Appena pochi giorni dopo il fatto avvenuto alle grotte di Cirasia, ce ne fu uno più grave nella tenuta di Galloppà dove il barone Drammis, sempre scortato da otto uomini armati fino ai denti, viveva soprattutto nei periodi estivi. Qui, il 1 aprile 1863, una banda di undici briganti comandata da Pietro Monaco assaltò il Casino, come riportano i documenti della Commissione Provinciale sul Brigantaggio pubblicati dal giornale L’Indipendente di Napoli mercoledì 17 giugno 1863:

“Davasi in seguito certezza dell’assalto che undici briganti capitanati dal Capo Banda Pietro Monaco della Provincia di Cosenza diedero l’11 corrente Aprile alla famiglia del Barone Salvatore Drammis nella propria casina, sita in contrada Galloppà sul territorio di Scandale.
Che gli assaliti si difesero energicamente, onde avvenne un conflitto nel quale rimasero morti uno dei briganti ed il Guardiano del Barone, Rosario Ceraldi di Scandale.
Il signor Prefetto riferiva che siccome il nominato Guardiano del Barone Drammis, Rosario Ceraldi, morto in conflitto a difesa del proprio padrone avrebbe lasciato una vedova che si dice priva di mezzi di fortuna cioè di sussistenza, ed inoltre due altri individui del seguito dello stesso Barone cioè Raffaele Brittelli e Francesco Piccolo si sarebbero distinti nel fatto di che si tratta, avere date le opportune istruzioni al Sotto Prefetto di Crotone per gli adempimenti prescritti dall’art. 17 del Regolamento, per cui la Commissione delibera di soprassedere da ogni determinazione in proposito fin visti gli schiarimenti che dovranno essere somministrati dalla Commissione Comunale di Scandale”.

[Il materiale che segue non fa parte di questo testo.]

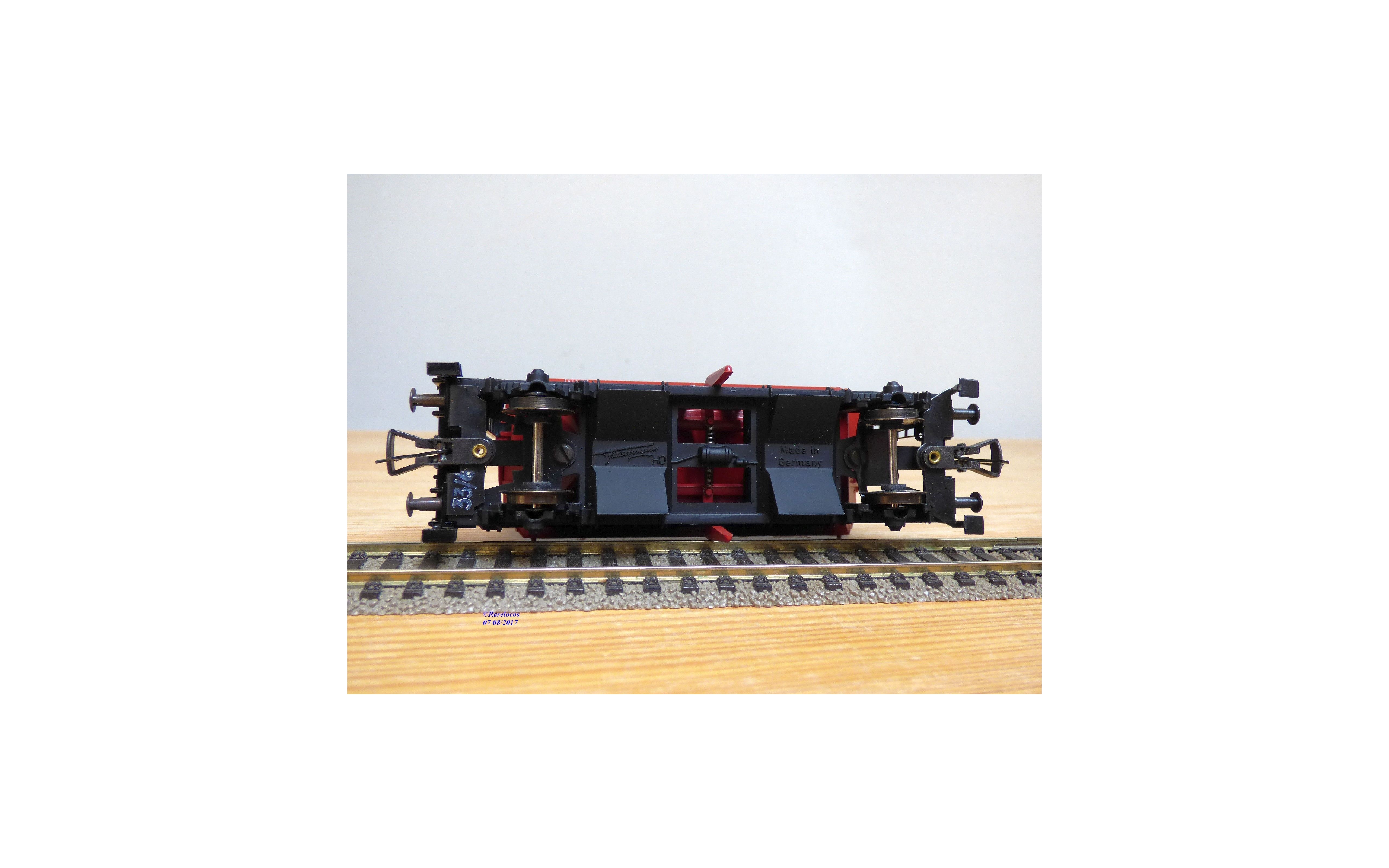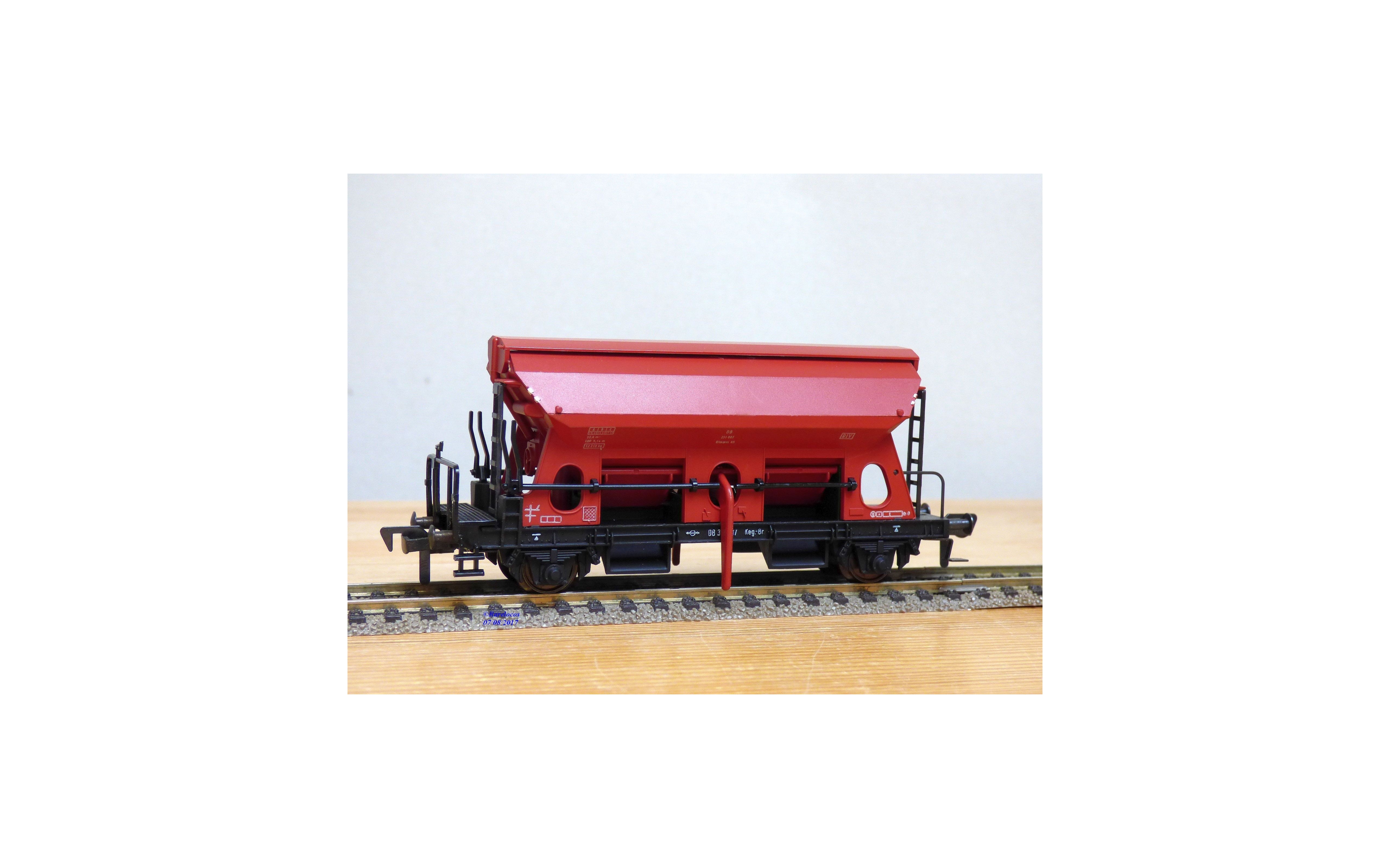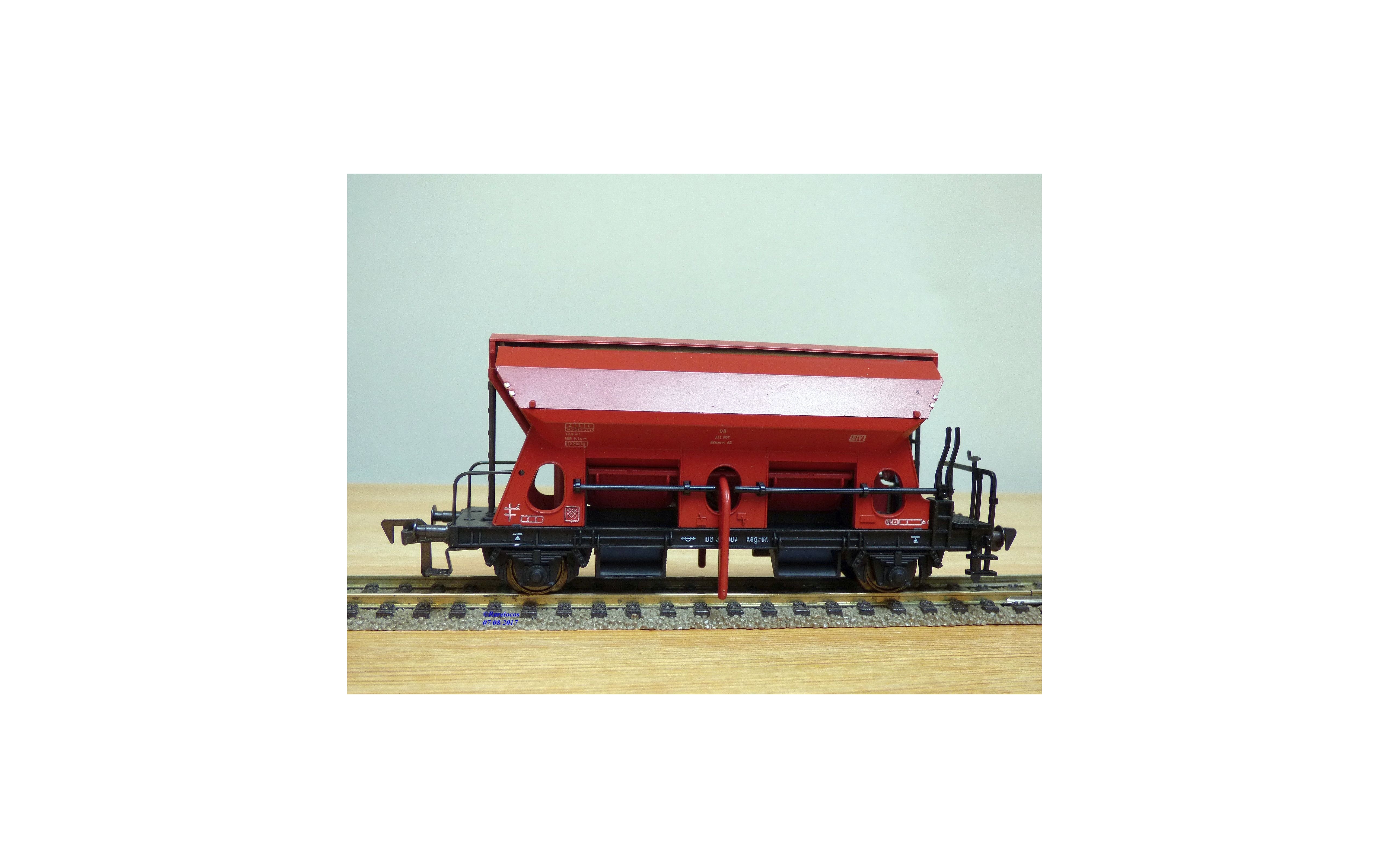 Wagon trémie à déchargement latéral ( fonctionnel ) à 2 essieux type Ktmms 65 des chemins de fer allemands (DB), boîte d'origine " coins piquants " .

Il 19 giugno la Commissione Provinciale sul brigantaggio deliberava:
“Passatosi dunque alla disamina delle carte prodotte da Rosa Cacozza, vedova di Rosario Ceraldi, Caporale della Guardia Nazionale di Scandale, morto il primo aprile p.p. nel conflitto sostenuto contro i briganti, mentre davano l’assalto alla Casa del Barone Salvatore Drammis situata in quel territorio, di cui è parola nella precedente deliberazione 12 stesso aprile, e riconosciuto che nella detta vedova concorrono tutti i requisiti voluti dalle vigenti Istruzioni per essere meritevole di una pensione vitalizia, deliberava proporsi la medesima alla Commissione Centrale di Napoli pel maxsimum portato dalla linea del articolo 14 dell’Istruzione del 1° marzo ultimo scorso, cioè per Lire 360. Visto l’articolo 20 di dette Istruzioni si propone la detta vedova per l’assegno vitalizio di Lire 360 annue durante la sua vedovanza.
Dalle informazioni avute del fatto dianzi accennato, essendo risultato che Francesco Piccolo in compagnia di Raffaele Brittelli à messa in fuga la detta banda di briganti uccidendone uno e ferendone altri, col pericolo della propria vita, la Commissione deliberava al favore del medesimo un compenso pecuniario di Lire 300,00. Rispetto a Raffaele Brittelli la Commissione si limitava ad encomiarlo, in quanto che ha inteso essere il medesimo stato pel tal fatto proposto per la medaglia al valore civile”.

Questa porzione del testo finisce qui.